**How to complete this task**:
Leaving out the images, repeat all the lines below exactly.

**Data segment**:
-*-
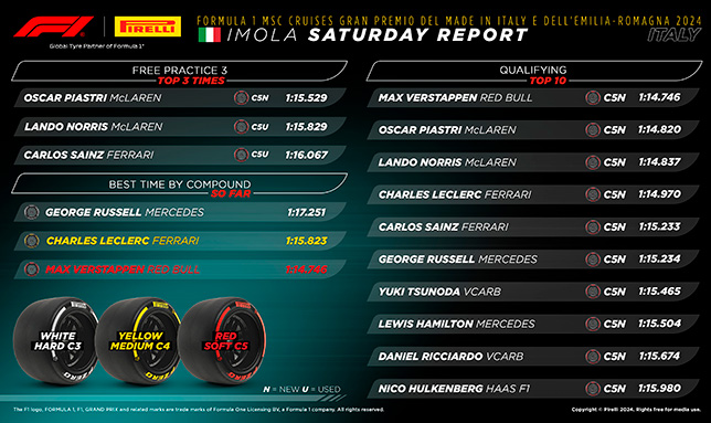 Марио Изола, Pirelli: «Квалификация прошла в плотной борьбе с почти равными результатами команд, но Макс Ферстаппен вновь оказался первым. Учитывая очень небольшую разницу в результатах между Red Bull, McLaren и Ferrari, завтрашняя гонка может оказаться не менее напряжённой.
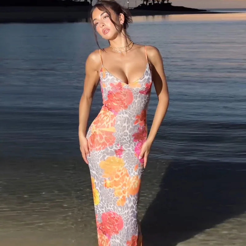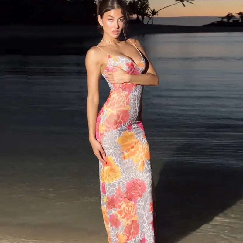 Experience a new level of elegance and comfort with our maxi dress! With its stunning printed design and polyester and spandex blend, this dress will make you stand out in any crowd. The backless feature makes it perfect for any special occasion.
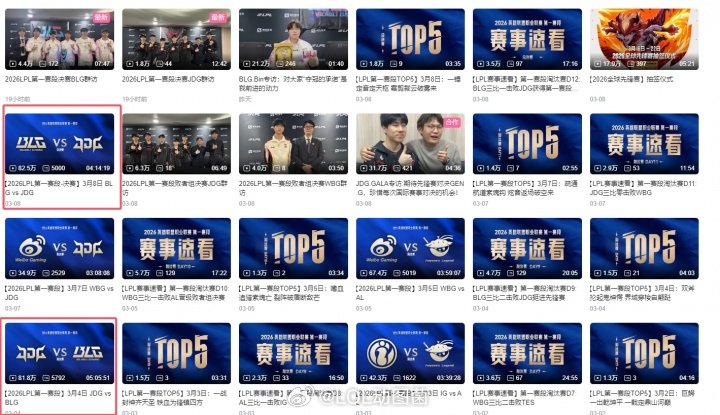 LPL第一赛段决赛BLG击败JDG夺得第一赛段优胜者,截止目前,只有BLG的比赛在B站录像里,播放次数超过80万。
-*-
**Response to this exercise**:
 Марио Изола, Pirelli: «Квалификация прошла в плотной борьбе с почти равными результатами команд, но Макс Ферстаппен вновь оказался первым. Учитывая очень небольшую разницу в результатах между Red Bull, McLaren и Ferrari, завтрашняя гонка может оказаться не менее напряжённой.
 Experience a new level of elegance and comfort with our maxi dress! With its stunning printed design and polyester and spandex blend, this dress will make you stand out in any crowd. The backless feature makes it perfect for any special occasion.
 LPL第一赛段决赛BLG击败JDG夺得第一赛段优胜者,截止目前,只有BLG的比赛在B站录像里,播放次数超过80万。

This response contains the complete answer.